On 3 February 2014, VAT Notice 700/17 was updated to provide new guidance on VAT recovery on pension administration and investment management services provided to pension schemes. Prior to this update, employers were allowed to recover VAT incurred in relation to pension administration services supplied to their pension schemes. Under the same HMRC guidance, VAT was not recoverable by the employer for any investment management services relating to their pension schemes.
HMRC’s guidance had to change after the Court of Justice of the European Union (“CJEU”) published its new judgement in relation to the PPG Holdings BV (Case C-26/12) (“PPG”) case. This ruling specified that an employer which has set up a legally and financially separate pension fund can recover the VAT paid on both pension administration and investment management services, provided there is a direct and immediate link between the services and the employer’s own business.
As such, HMRC is now required to accept that VAT on both the above mentioned services can be deducted by the employer, provided the specified link applies. Consequently, there have been a number of other changes made to HMRC’s guidance on the subject. Firstly, they have abolished the 70%/30% split, whereby if a single invoice was received covering both types of services for the pension fund, the employer could recover 30% of the VAT in relation to the investment management services, and 70% in relation to the pension administration (general management) services. This abolition is bitter-sweet because, while it means there is now no upper limit on the amount of VAT that can be deducted by the employer, it also means there is no lower limit.
Further changes relate to the conditions under which HMRC will now not allow VAT to be recovered by the employer.

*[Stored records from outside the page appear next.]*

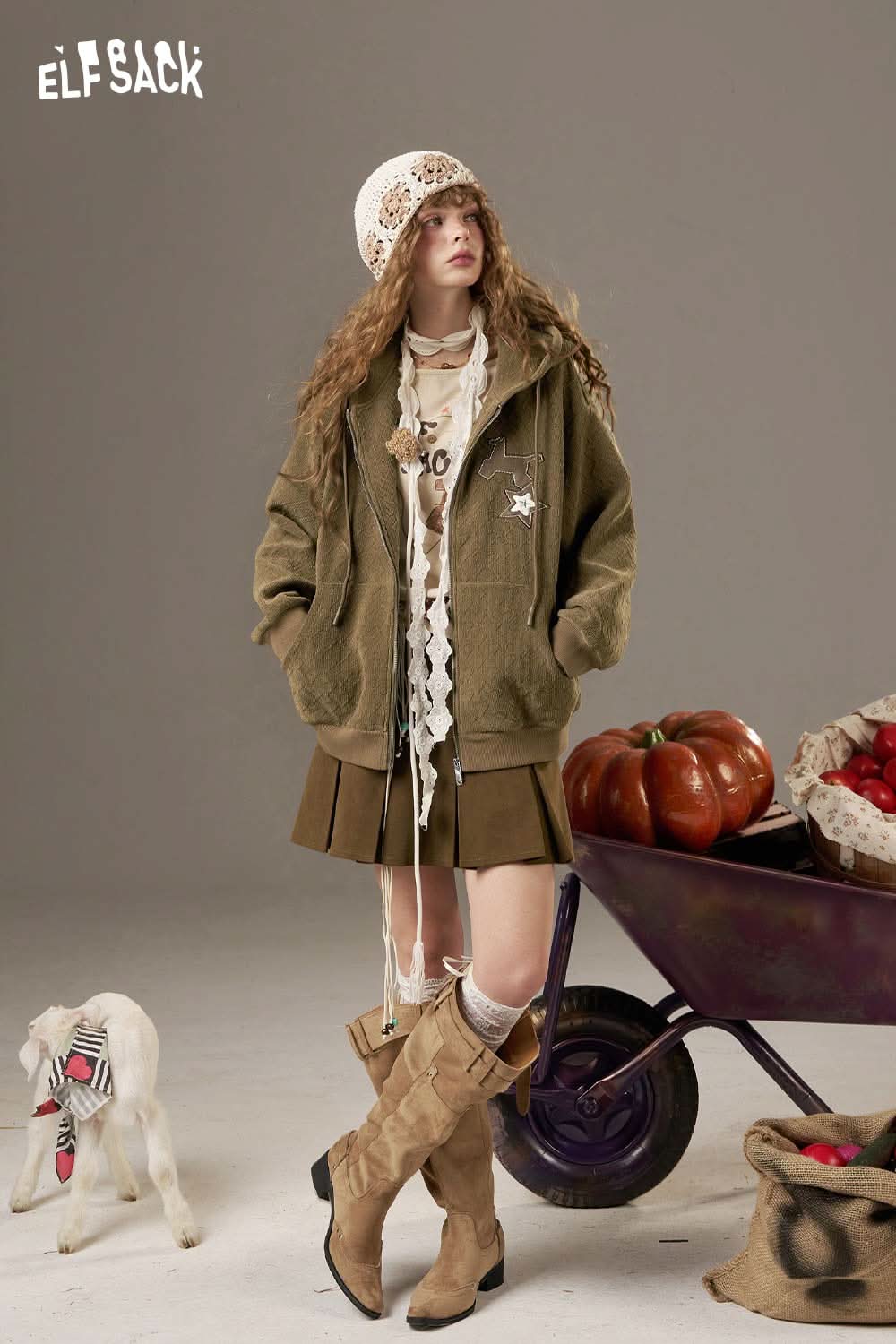 ELFSACK soft star hooded jacket for women paired with a skirt and stylish boots in a rustic setting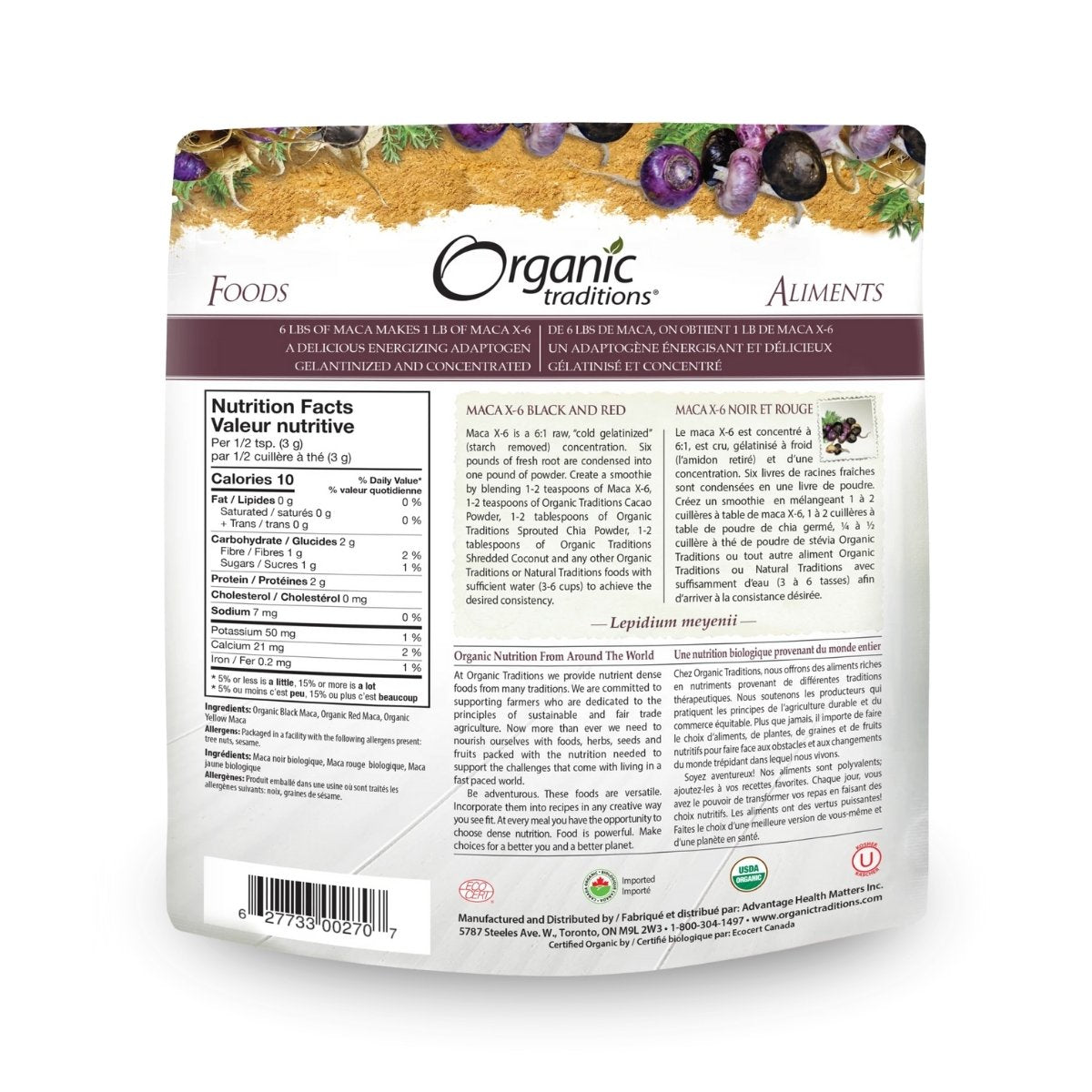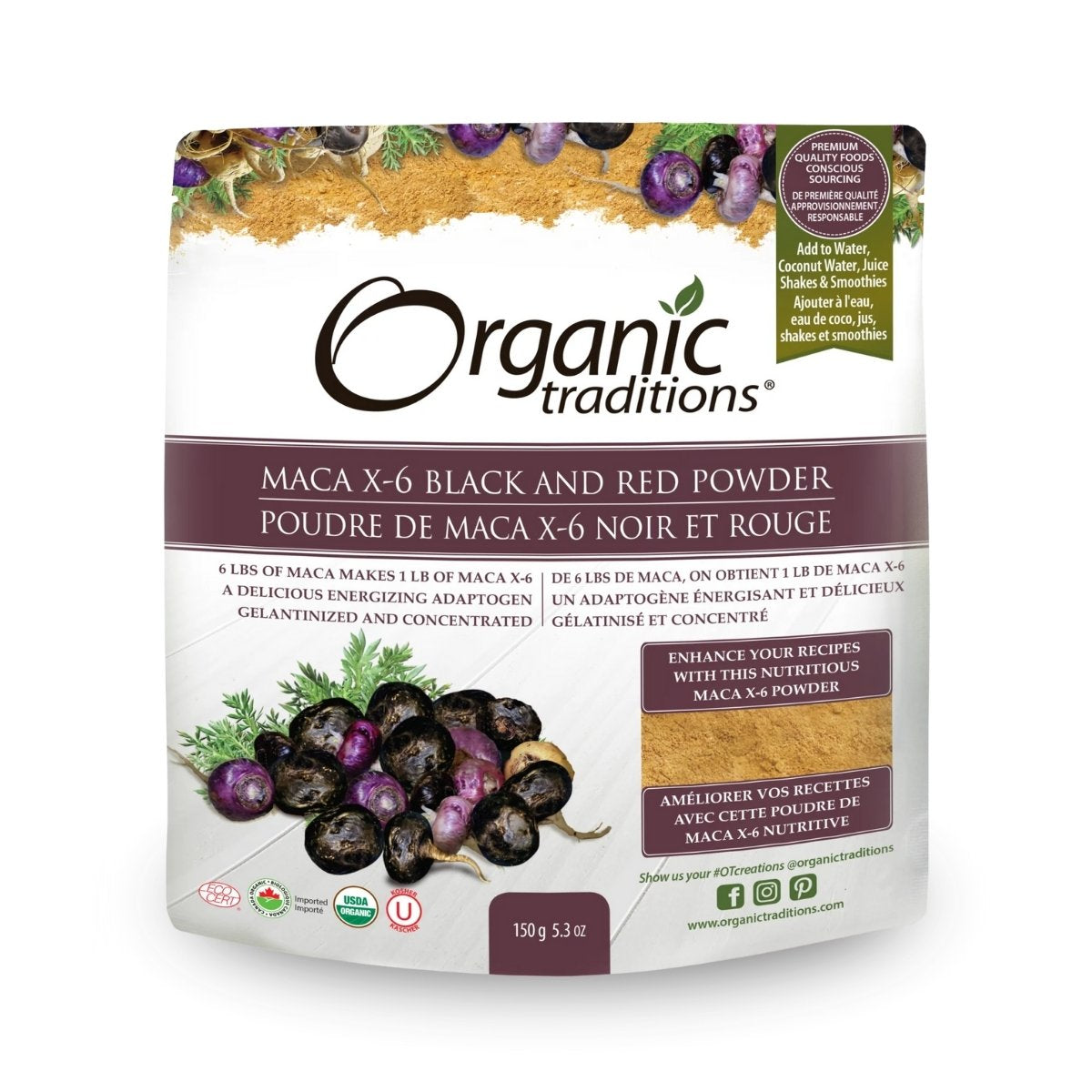 Organic Traditions Maca X-6 Powder is a highly concentrated 6:1 blend of organic raw black and red-purple maca roots, traditionally used to support energy, stamina, and hormonal balance. This potent superfood helps promote vitality, endurance, and overall well-being, making it ideal for both men and women. With a smooth, malty taste, it’s easy to add to smoothies, lattes, or recipes for a daily nutrient boost.
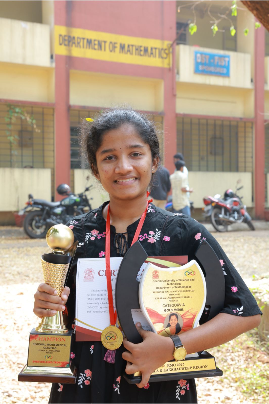 Pooja Mohan, a student of XandY Learning’s Target JEE and Olympiad program, has achieved a major academic milestone by winning the Gold Medal at the Regional Mathematical Olympiad (RMO) and securing Rank 1 in Kerala and Lakshadweep (Category A). The category includes students from Grades 8, 9, 10, and 11, making this one of the highest recognitions in school-level Mathematics Olympiads in the region.
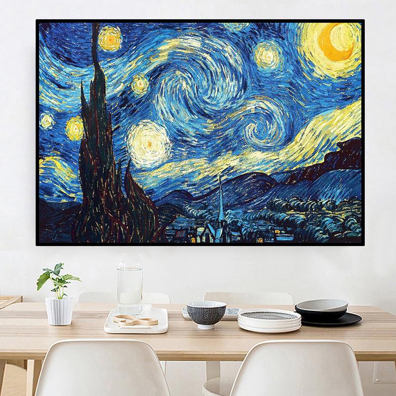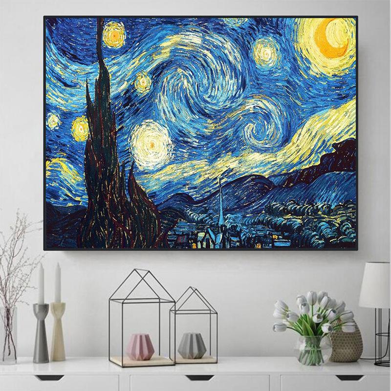 Pintura de paisaje con diamantes, nueva 2023, Van Gogh, cielo estrellado, 5D, punto de cruz, diamante adhesivo, estilo nórdico, para sala de estar, dormitorio y comedor.
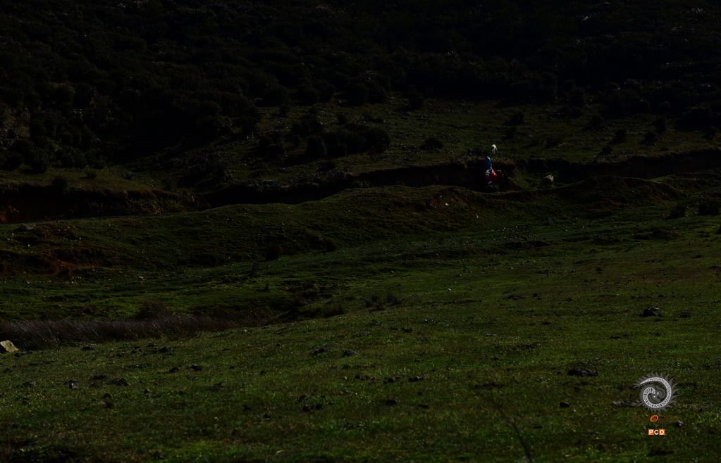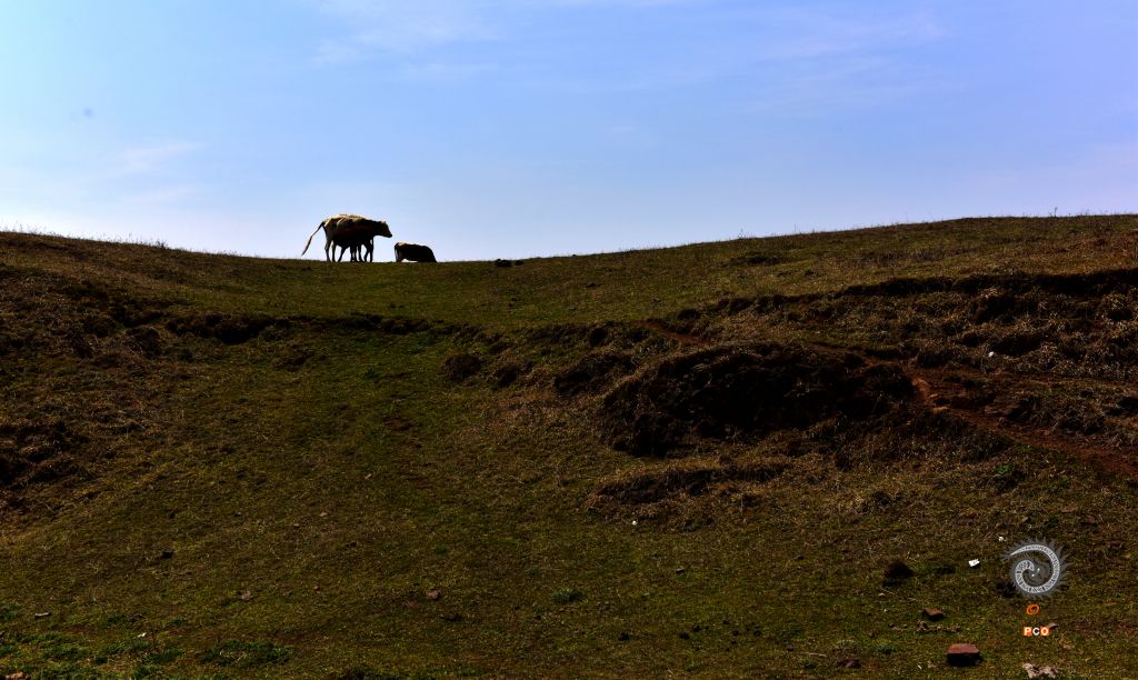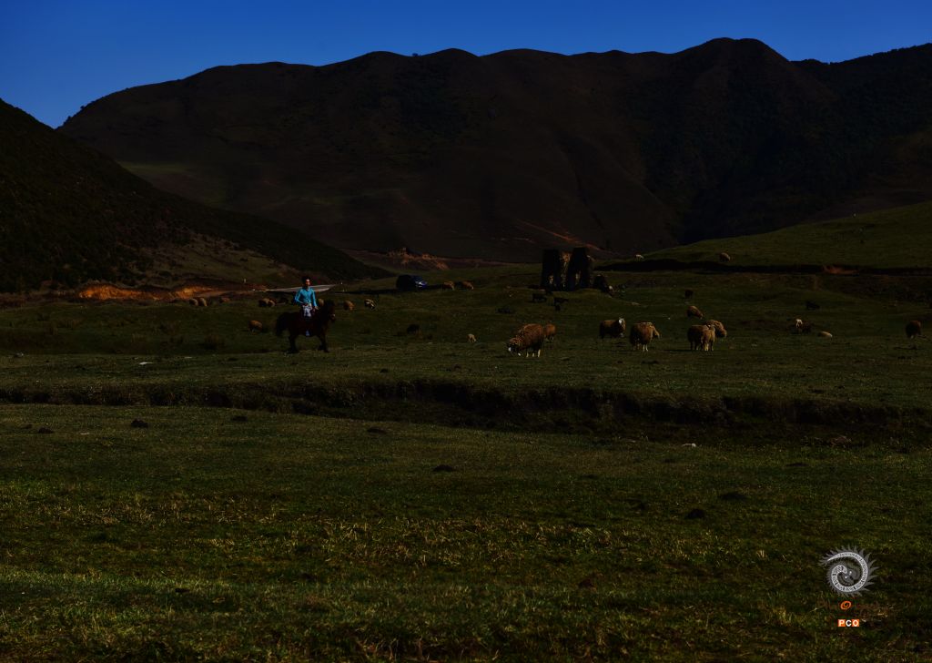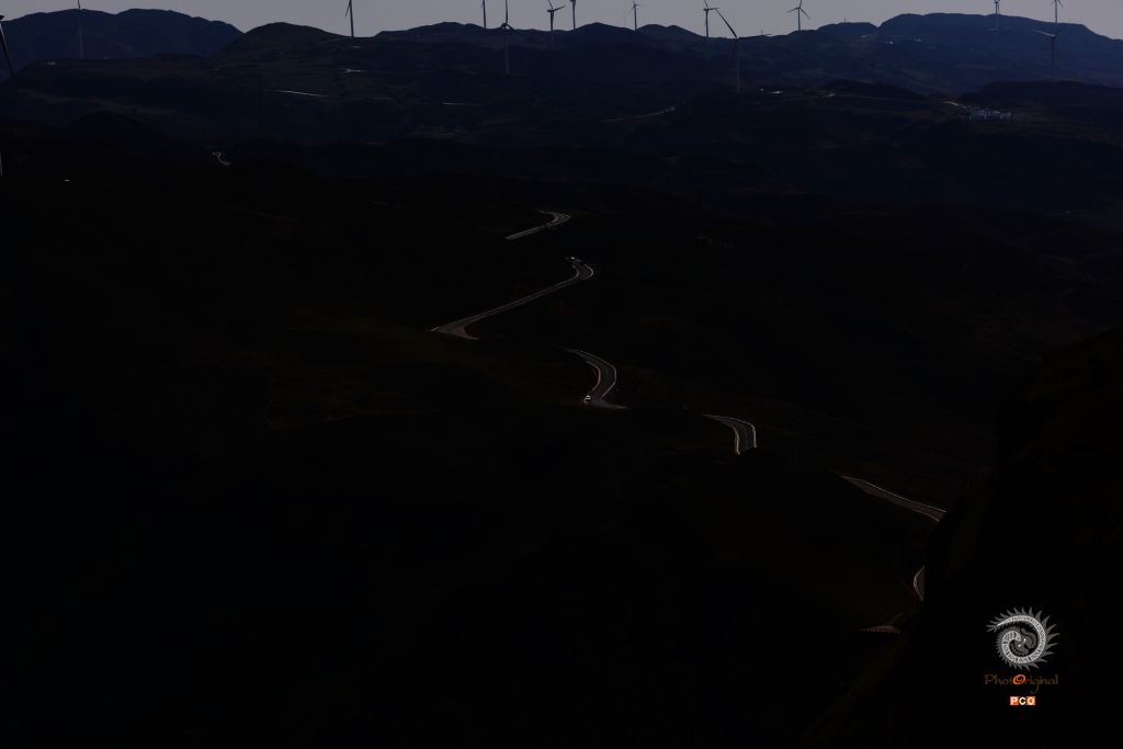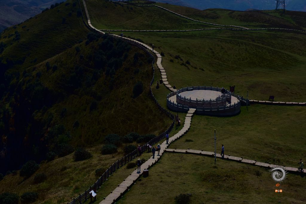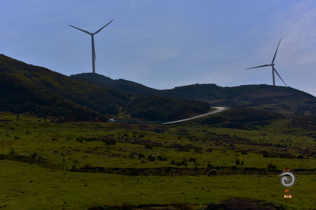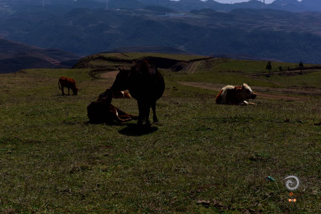 拍摄于贵州六盘水乌蒙大草原。这里的草原保护极好,放眼无边的草原,举目辽阔的长空,恰如“极目青天日渐高,王龙盘曲自妖娆。无边绿翠凭羊牧,一马飞歌醉碧宵”之意境,嵌入眼里,醉在心里。风清草动,天高山远,云白天蓝,是这么的真真切切,是这么的纯纯粹粹,不染纤毫尘埃;满眼的草甸延绵起伏,明媚的阳光一泄无余,每一处草甸如一块块碧绿的地毯;俯瞰山谷,景色更奇,层层的天然林色彩班斓,满目的红似火的枫叶,薄雾如一条洁白的哈达环绕着布依村寨,隐隐约约,朦朦胧胧,如诗如画,恍如仙境;远望山坡高处矗立着一个个巨大的三叶风力发电机,站成了一朵朵银白色的野花儿,随风不停舞动着。草原的尽头,天地相连相融,黛绿的牧草投入到了蓝天的怀抱中,娓娓叙说着那个美丽的童话故事。

VAT will not be recoverable when:
- The services were not made to the employer (to be decided by HMRC); and
- The supply is limited to investment management services only and not a combination of both investment management and pension administration services.
The final stipulation is that, if the employer receives the services, but the pension fund bears the cost of said services, VAT is potentially recoverable by the pension fund, but only to the extent that the fund is engaged in taxable business activities (such as commercial property).In order to deduct any such VAT however, the pension schemes are required to be VAT-registered.
HMRC’s new guidance was published on and will take effect from 3 February 2014, but there will be a six month transitional period during which the 70/30 split will still apply for any invoice issued to a pension scheme for both pension administration services and investment management services.
Recommendations on what to do next:
- The guidance is relatively vague and does not give trustees and employers the certainty they may have been expecting after the PPG case.
- Trustees and employers should review their arrangements with existing investment advisers to ensure they are structured in a manner which is most tax efficient given the new guidance.